● PROBLEM TO SOLVE
From the material below, copy exactly the lines beginning with the one that contains "Blauw suède jongensschoen" and ending with the one that contains "Bord - eerste"; the pictures stay out.
Start of EXTRACTED INFORMATION
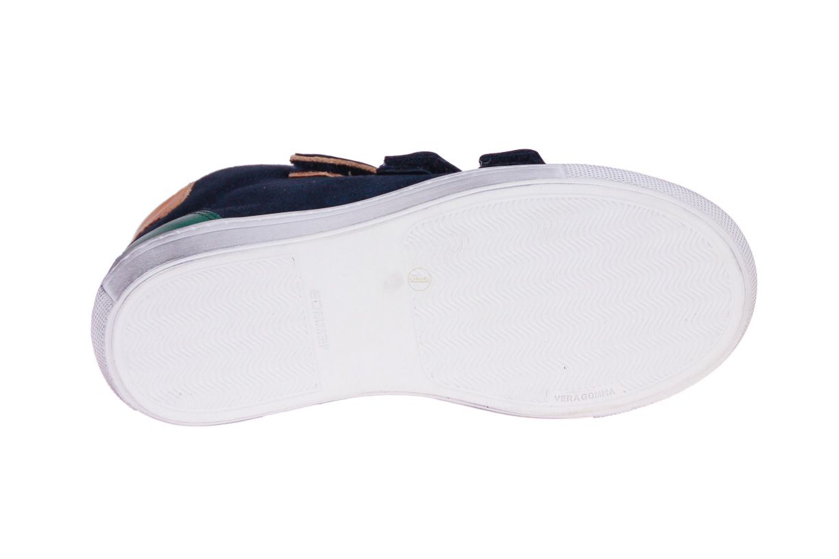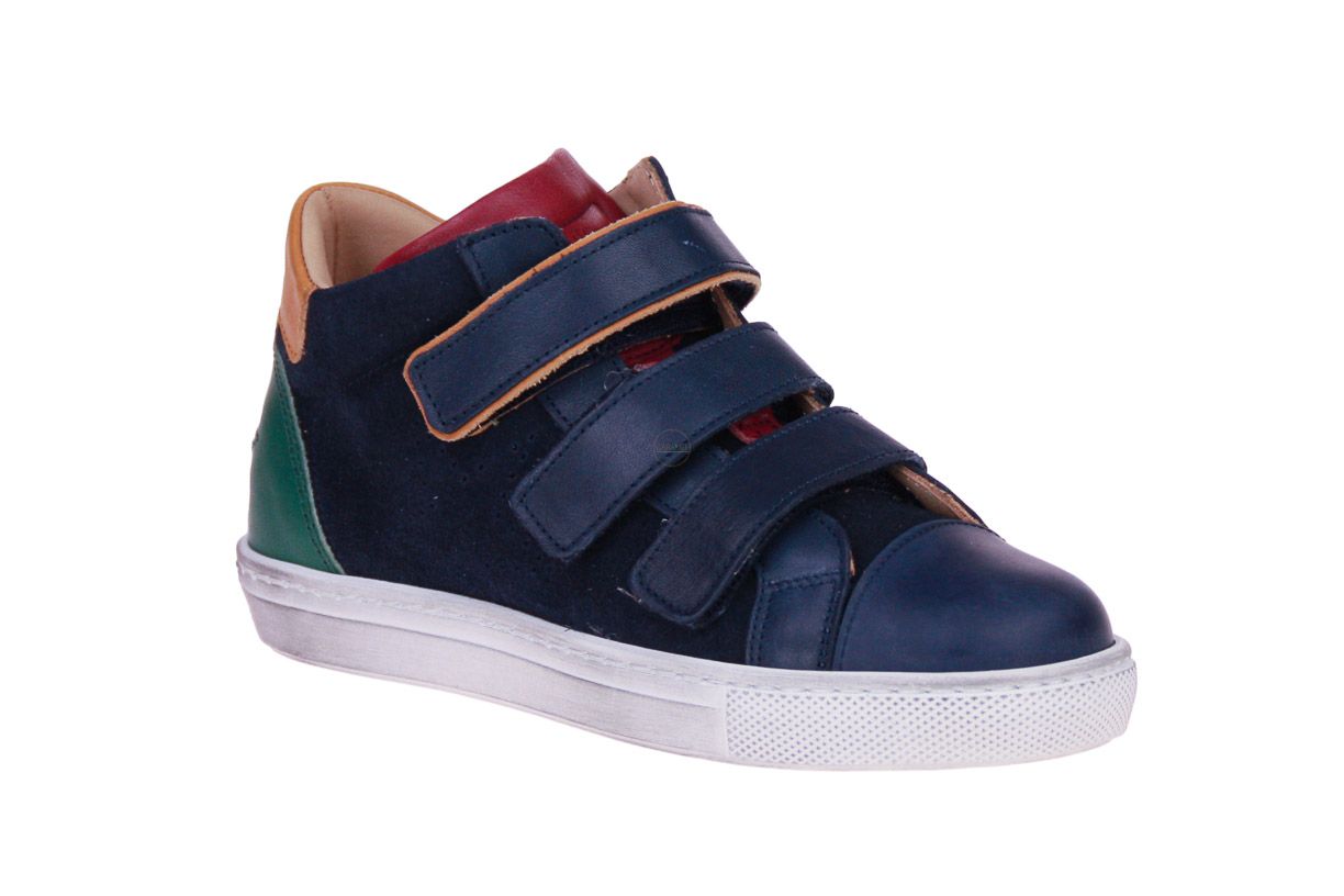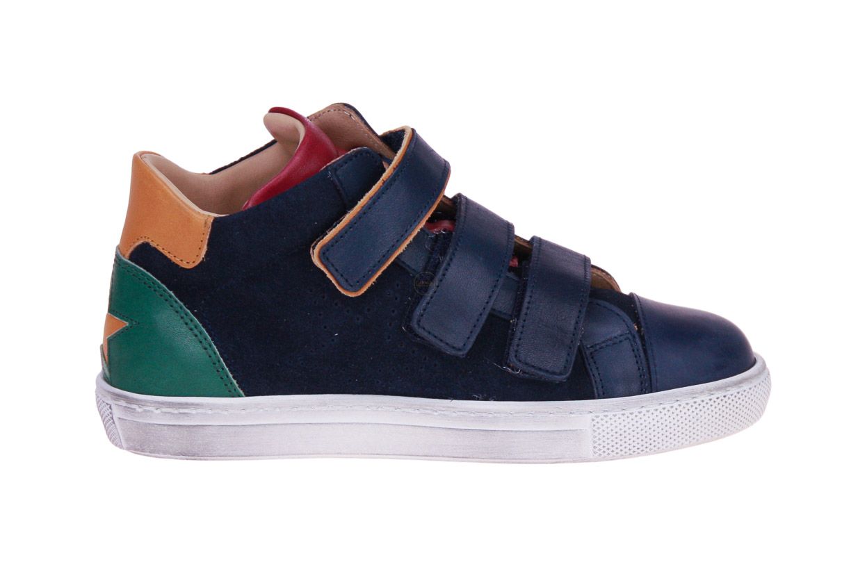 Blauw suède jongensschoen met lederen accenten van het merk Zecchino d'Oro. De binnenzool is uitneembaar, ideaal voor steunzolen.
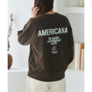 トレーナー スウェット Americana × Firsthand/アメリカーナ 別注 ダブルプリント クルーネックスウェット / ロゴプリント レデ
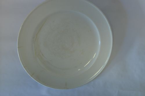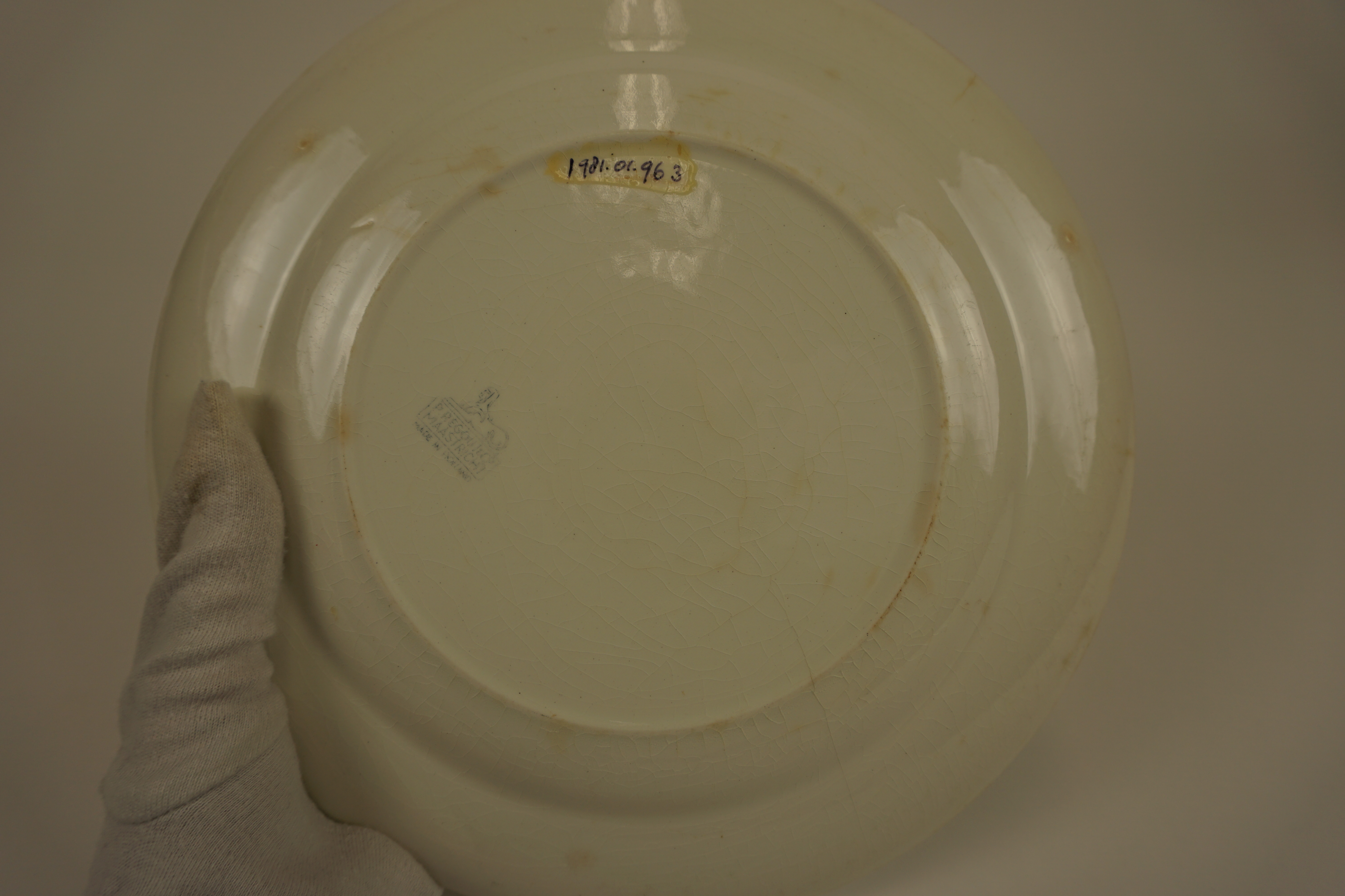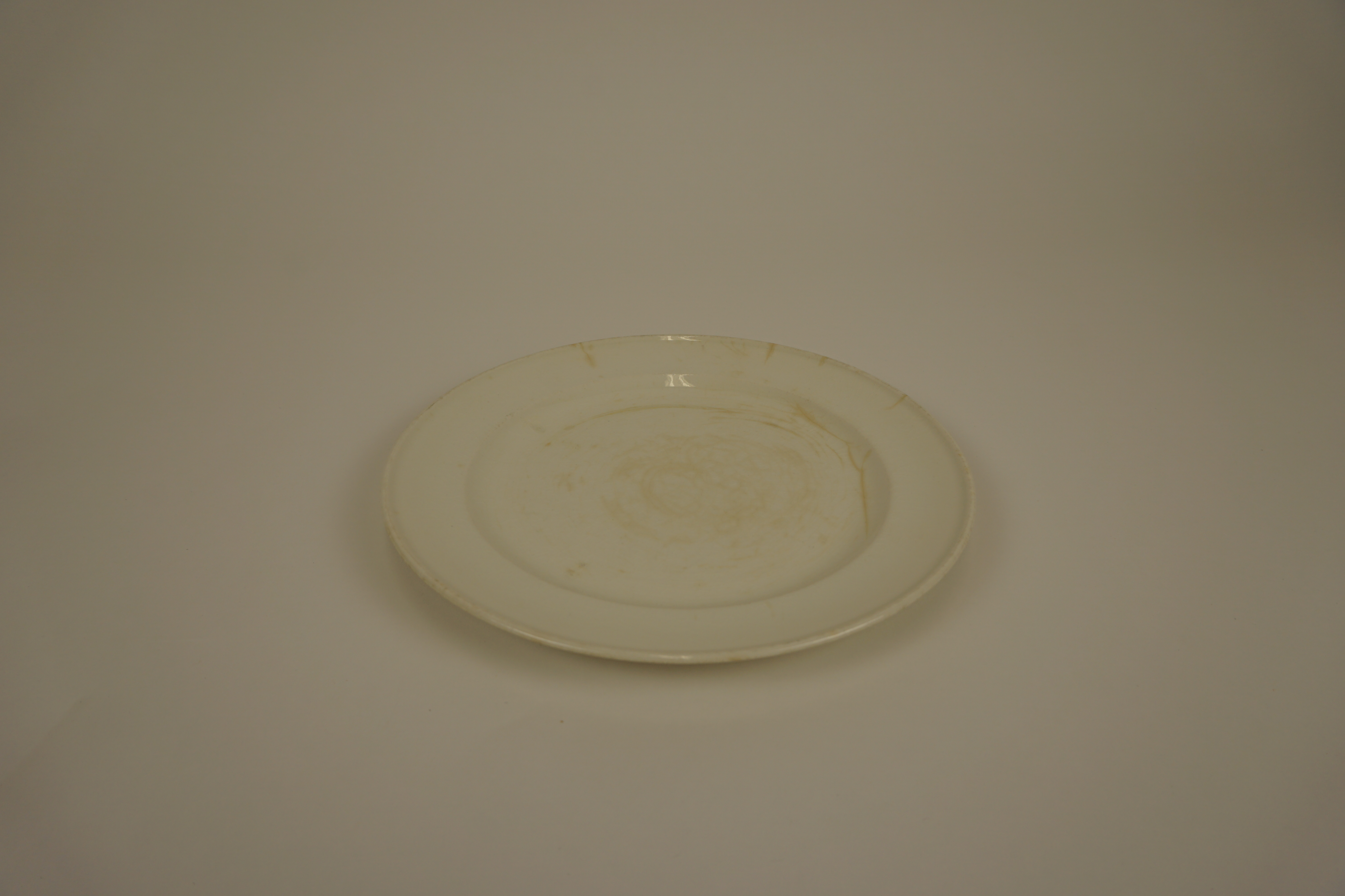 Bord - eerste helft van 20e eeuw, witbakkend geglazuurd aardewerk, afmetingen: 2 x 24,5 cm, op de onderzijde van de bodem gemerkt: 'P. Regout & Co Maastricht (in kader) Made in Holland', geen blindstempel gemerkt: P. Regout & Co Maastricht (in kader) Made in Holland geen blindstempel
End of EXTRACTED INFORMATION
Start of EXTRACTED INFORMATION
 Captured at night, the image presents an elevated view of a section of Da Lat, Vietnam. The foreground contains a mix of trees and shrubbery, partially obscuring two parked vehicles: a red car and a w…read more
End of EXTRACTED INFORMATION
● RESPONSE TO THIS TASK
 Blauw suède jongensschoen met lederen accenten van het merk Zecchino d'Oro. De binnenzool is uitneembaar, ideaal voor steunzolen.
 トレーナー スウェット Americana × Firsthand/アメリカーナ 別注 ダブルプリント クルーネックスウェット / ロゴプリント レデ
 Bord - eerste helft van 20e eeuw, witbakkend geglazuurd aardewerk, afmetingen: 2 x 24,5 cm, op de onderzijde van de bodem gemerkt: 'P. Regout & Co Maastricht (in kader) Made in Holland', geen blindstempel gemerkt: P. Regout & Co Maastricht (in kader) Made in Holland geen blindstempel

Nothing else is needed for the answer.